Denmark’s pension providers generated a total return of DKK251bn (€33.7bn) last year, with more than half of this coming from derivatives, corresponding to an annual return of approximately 6.1%, the country’s central bank reported.
Returns for individual pension providers varied in 2020 from 7.8% for the year’s 10 strongest-performing firms to -1.4% for the 10 with the lowest returns, the bank said.
The main reason for these differences was the product mixes that firms offered, it said, since products carried different risks and different return guarantees.
Danmarks Nationalbank said in its statistical report released on Wednesday: “The pension companies recorded particularly large returns on their derivatives in 2020.”
Pension providers used interest rate derivatives to hedge the risk of interest rate falls, it said, and currency derivatives to protect returns against exchange rate losses on foreign assets.
“The large interest rate falls at the beginning of 2020 thus yielded positive returns on interest rate derivatives,” the bank said, adding that at the end of the year, the falling exchange rate of the dollar had generated particularly high returns on currency derivatives.

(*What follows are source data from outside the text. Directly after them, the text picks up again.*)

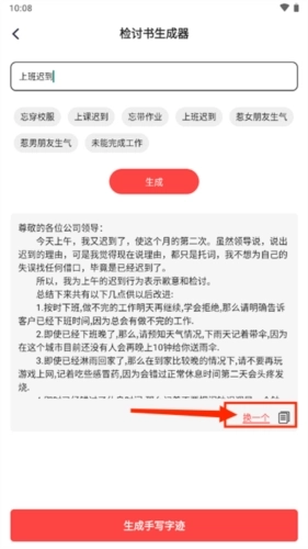4、输入想要生成的检讨主题,例如上班迟到,点击生成按钮后就会呈现出对应的文章,如果对生成的内容不满意,还能更换一篇。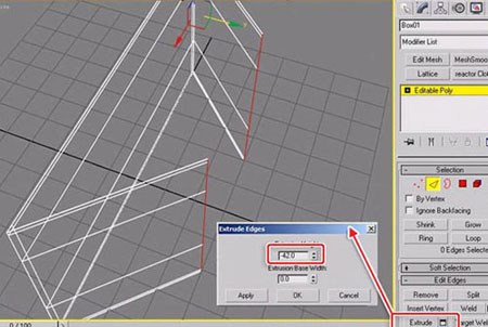 (4) 回到Perspective(透視)圖中,選擇邊緣的兩組線(xiàn),點(diǎn)擊Edit Poly (編輯多邊形)命令中的Extrude(擠壓)命令,得到了兩組新的面。Extrude(擠壓)命令Extrusion Height(擠出高度)的具體數(shù)值是-42,如圖4-4。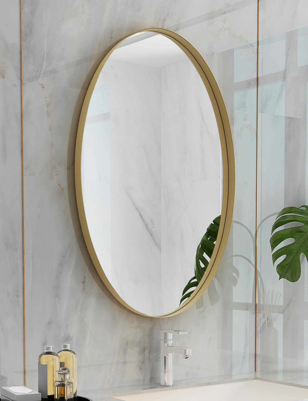 NXHOME Gold Oval Mirror for Bathroom, Matte Metal Frame Modern Circle Mirrors, Wall Mounted Entryway Decorative Farmhouse Vanity Mirror 24×36in
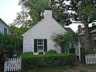 5107 Wetheredsville was built around 1810 and was, for many years, the home of the village lamplighter. The large home at 5101 Wetheredsville is the Mechanics Hall and was built in 1897 as a lodge for the Junior Order of American Mechanics, a union and fraternal organization. The building served as a village meeting hall, a concert hall for vaudeville and minstrel shows, and Madame Jolly's Waxworks, a show based on Madame Tussauds Waxworks in London before conversion to a private residence. A stage and footlights still grace one end of the main hall. Ashland Chapel, in the center of the village at 2331 Pickwick Road, was built on land given by the mill-owning Wethered family in 1849 as a house of worship for mill workers. The chapel, with its plain interior and lack of a slave gallery, became the Methodist Church. the small garden shed at one end of the property was originally a trolley stop. 5029 Wetheredsville (c. 1850) served as a home of the cow for the village dairy and a glove factory. 5027 Wetheredsville is more recent (built in the 1940s) but is known as "Little Mount Vernon" as it was designed to emulate that famous home.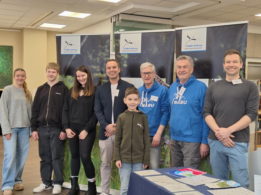 Das Gruppenfoto zeigt die teilnehmenden Schülerinnen und Schüler gemeinsam mit ihrem Lehrer sowie das Team vom NABU-Stadtverband Wetzlar.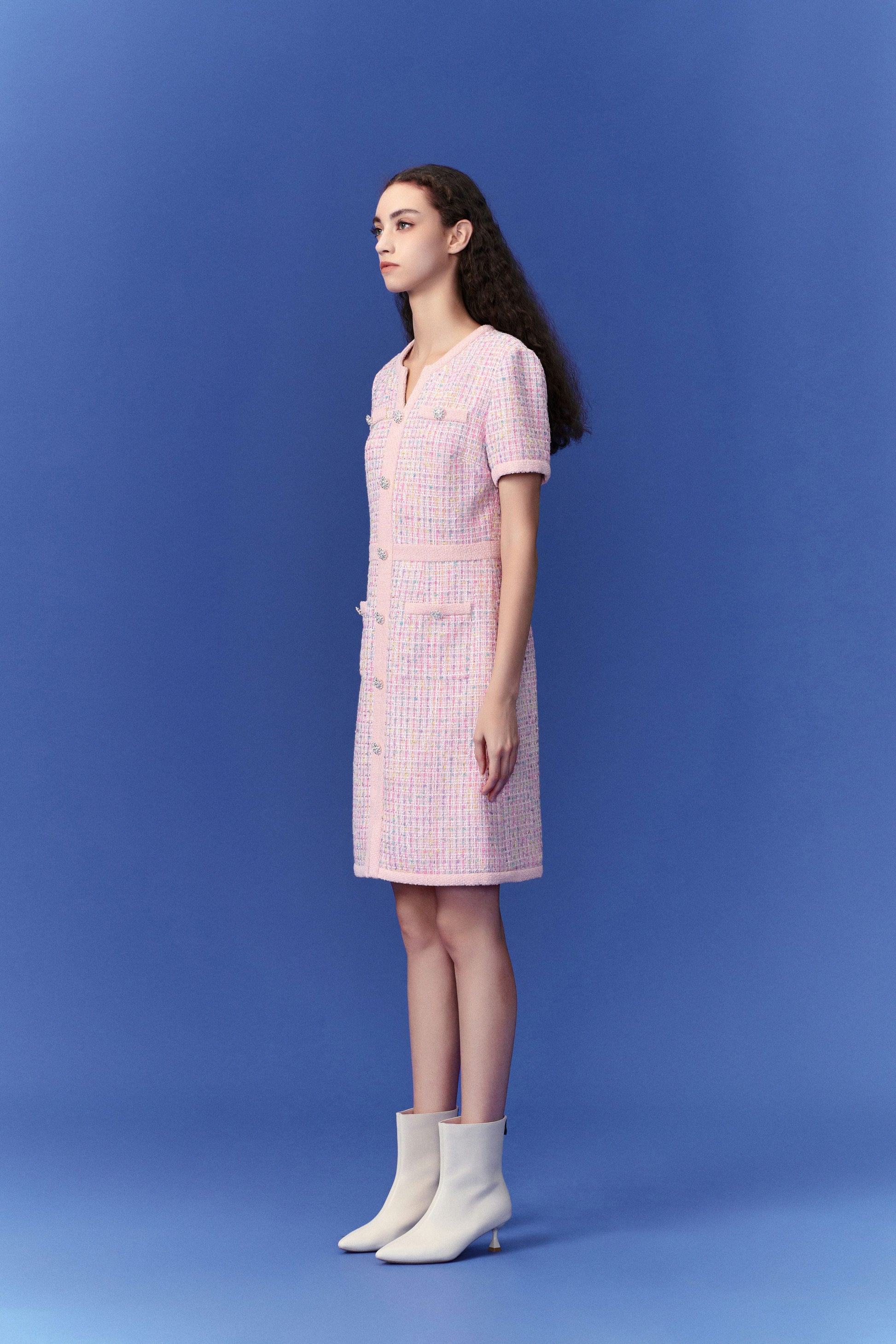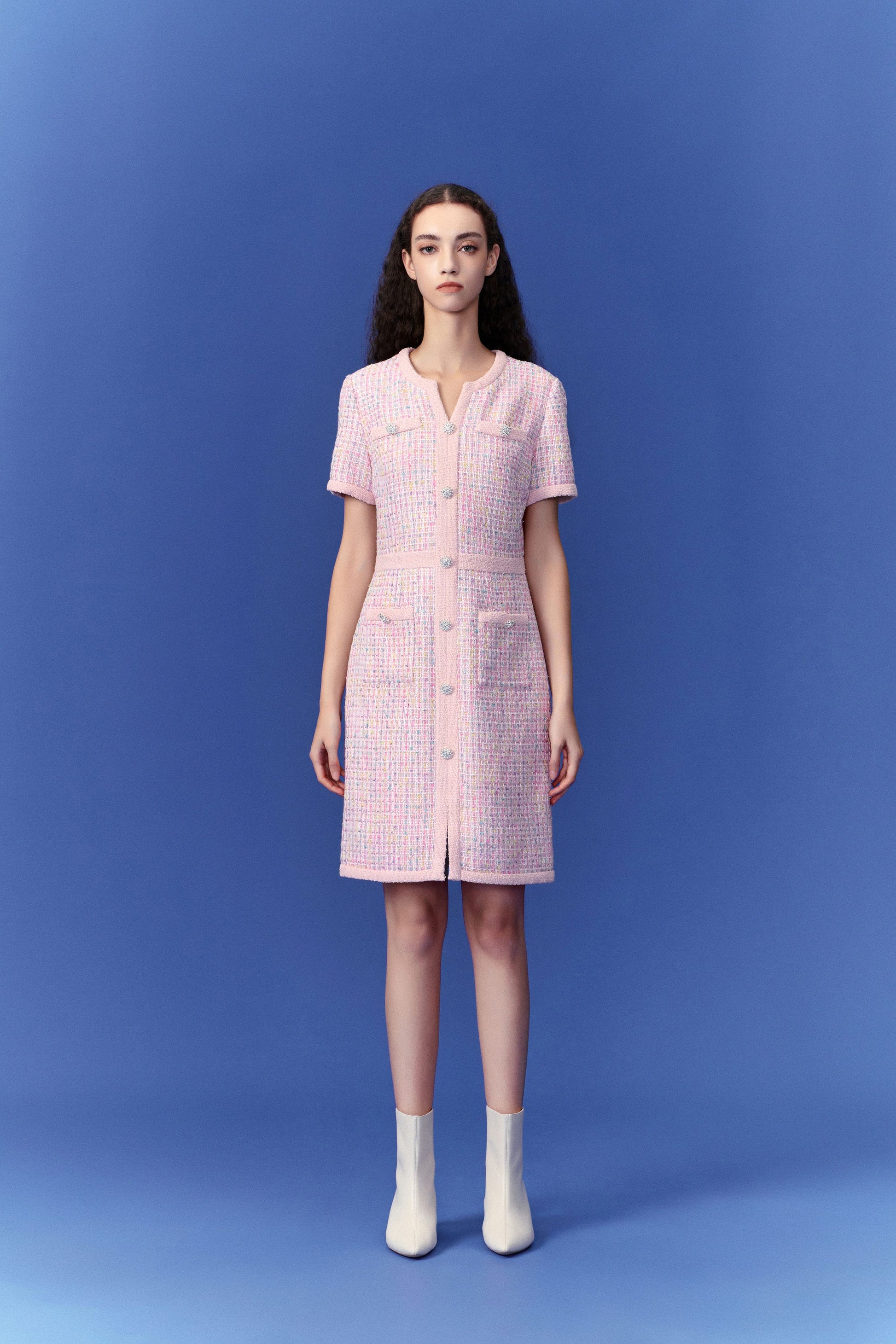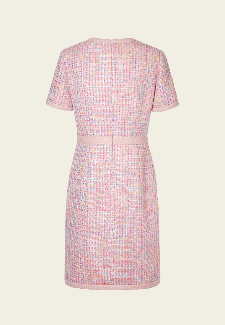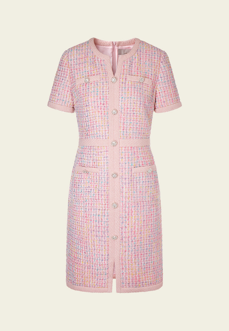 Pastel V-neck Tweed Dress

The central bank revealed that in March, when market prices collapsed during the onset of the coronavirus pandemic, Danish pension assets overall had registered a year-to-date loss of DKK255bn.
Around 40% of Danish pension savings were invested in equities, mostly foreign, it said, with this asset class having the largest negative effect on overall returns in March, but ending the year with a 4.6% or positive DKK85bn return after the market recovered.
Foreign government bonds and Danish mortgage bonds also contributed to positive returns in 2020, according to the data, generating DKK14.9bn and DKK12.9bn, respectively.